The biggest challenge was miniaturising a nuclear reactor to fit it into the submarine, which is said to be of 5,000 tonne displacement. The submarine is also to have a ballistic missile firing capability. The reactor for the ATV was developed indigenously by Indian scientists.

The only nuclear submarine India ever operated was the former Soviet Union’s Charlie-I class sub that the Indian Navy leased to gain operational experience with nuclear powered submarines. Separately, the Indian Navy is hopeful that Russia's Akula class nuclear-powered submarine “Nerpa” will be handed over to India before the end of 2009.

Scientists discover superatom
Scientists from Virginia Commonwealth University, along with collaborators at the Harish-Chandra Research Institute, Allahabad, and Naval Research Laboratory in the US, have discovered a 'magnetic superatom' which could shrink the size of many electronic devices like computers, make them faster and pack more storage space.

The magnetic superatom—a stable cluster of atoms that can mimic different elements of the periodic table—may also have potential biomedical applications such as sensing, imaging and drug delivery.

The newly discovered cluster, consisting of one vanadium and eight cesium atoms, acts like a tiny magnet that can mimic a single manganese atom in magnetic strength, while preferentially allowing electrons of specific spin orientation to flow through the surrounding shell of cesium atoms.

The researchers believe that the superatom can have significant impact in the area of molecular electronics and spintronics in which attempts are made to use conducting properties of small molecules to design electronic devices.

The researchers have proposed that by combining gold and manganese, one can make other superatoms that have magnetic moment but will not conduct electricity. These superatoms may have potential application in healthcare.

Lahaul-Spiti to get cold desert biosphere reserve
The Lahaul-Spiti and Leh-Ladakh areas are set to be on the world’s network of biosphere reserves based on the UNESCO’s Man and Biosphere Programme. The cold desert biosphere will extend from the Pin Valley National Park in Lahaul-Spiti to the Hemis National Park in Ladakh. The Man and Biosphere Committee (MBC) of the Ministry of Environment of Forests (MOEF) is giving “final touches” to the project.

The Ramser site of Tsomoriri, wetlands of Tsokar and Pangong Tso in Ladakh and Chandertal wetland in Lahaul attract thousands of tourists and migratory birds every year. The Ramser site is the country’s only breeding ground for the rare bar-headed geese and the black-necked crane.

The idea behind the cold desert biosphere project is to protect wildlife, plants and local communities from the onslaught of mass tourism and environmental degradation. This biosphere is source to Spiti and Pin, tributaries of the Sutlej, Chandrabhaga, Chenab, and Indus rivers.

It will be first cold desert biosphere in the Indian Himalayan region spanning over 97, 665 sq km area.

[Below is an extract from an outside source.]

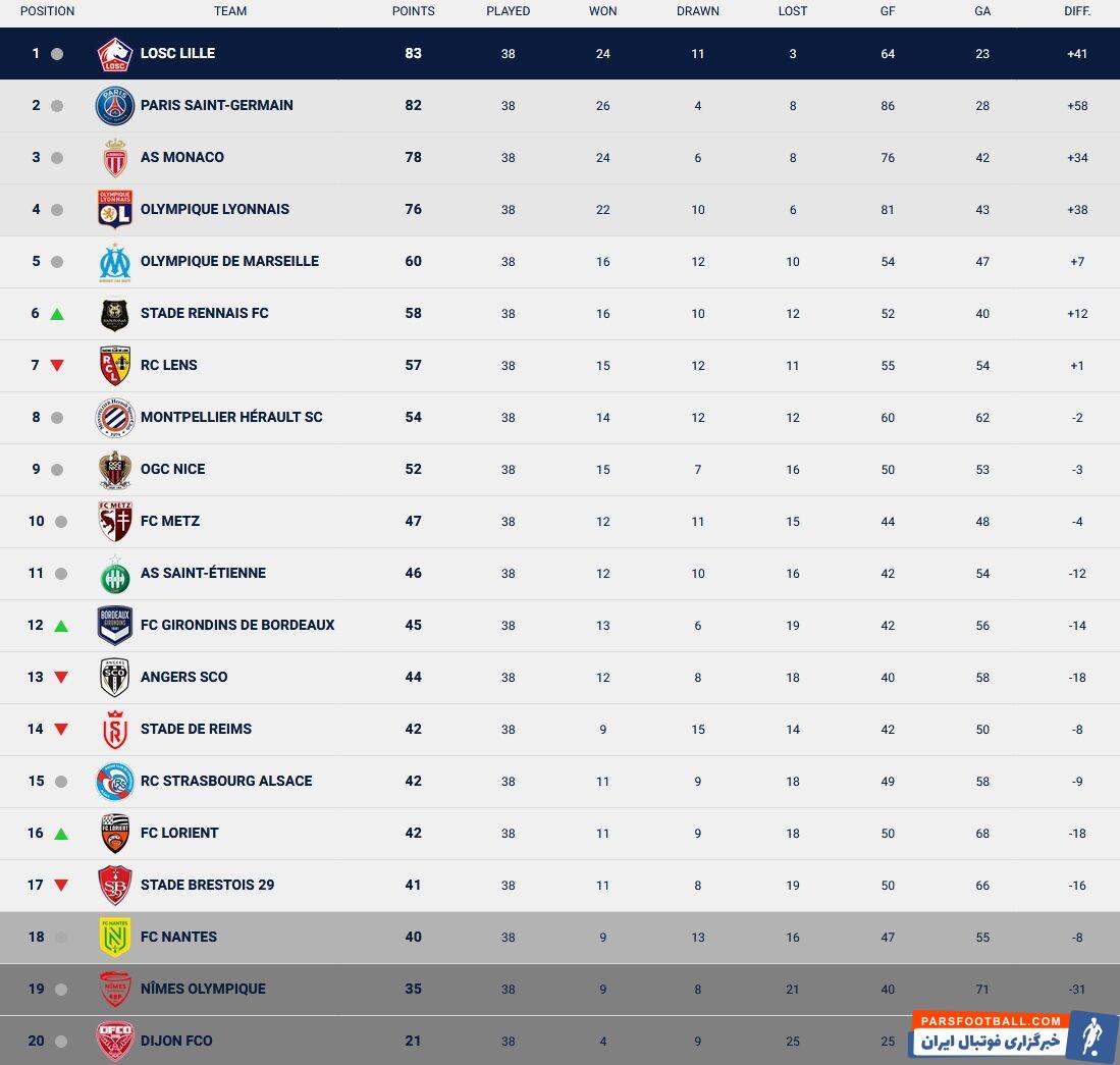 لیل با عبور از سد آنژه بالاتر از پاریسنژرمن قهرمان لیگ یک فرانسه شد، موناکو هم با قرار گرفتن در رده سوم دیگر سهمیه اروپا را گرفت.

The two national parks, wetlands and the protected areas would form the core zone while other areas would form the buffer zones of the cold desert biosphere.
ONGC scores a hat-trick of oil and gas discoveries
India’s biggest oil explorer ONGC has struck oil and gas in three new blocks. One of the finds is most significant in decades and holding the promise of significantly narrowing the energy-starved India’s demand-supply gap in the natural gas sector.

The gas find at Krishna Godavari (KG) basin off the Andhra coast could prove similar to the Reliance Industries’ D-6 block, which, at its peak, is expected to double India’s current natural gas output. The other two discoveries included an oil find at the Charada-3 offshore block in Cambay basin and an oil and gas find at Matar in Vadodara district, both in Gujarat.

Kumar, Meira
She has become the first woman Speaker of Lok Sabha. An interesting coincidence is that both Lok Sabha and Rajya Sabha now have presiding officers formerly belonging to Indian Foreign Service (IFS). Meira Kumar is the second Bihari to occupy the Speaker’s post. The first to become Speaker from Bihar was Baliram Bhagat, who occupied the chair for a brief period of 14 months, from January 1976 to March 1977.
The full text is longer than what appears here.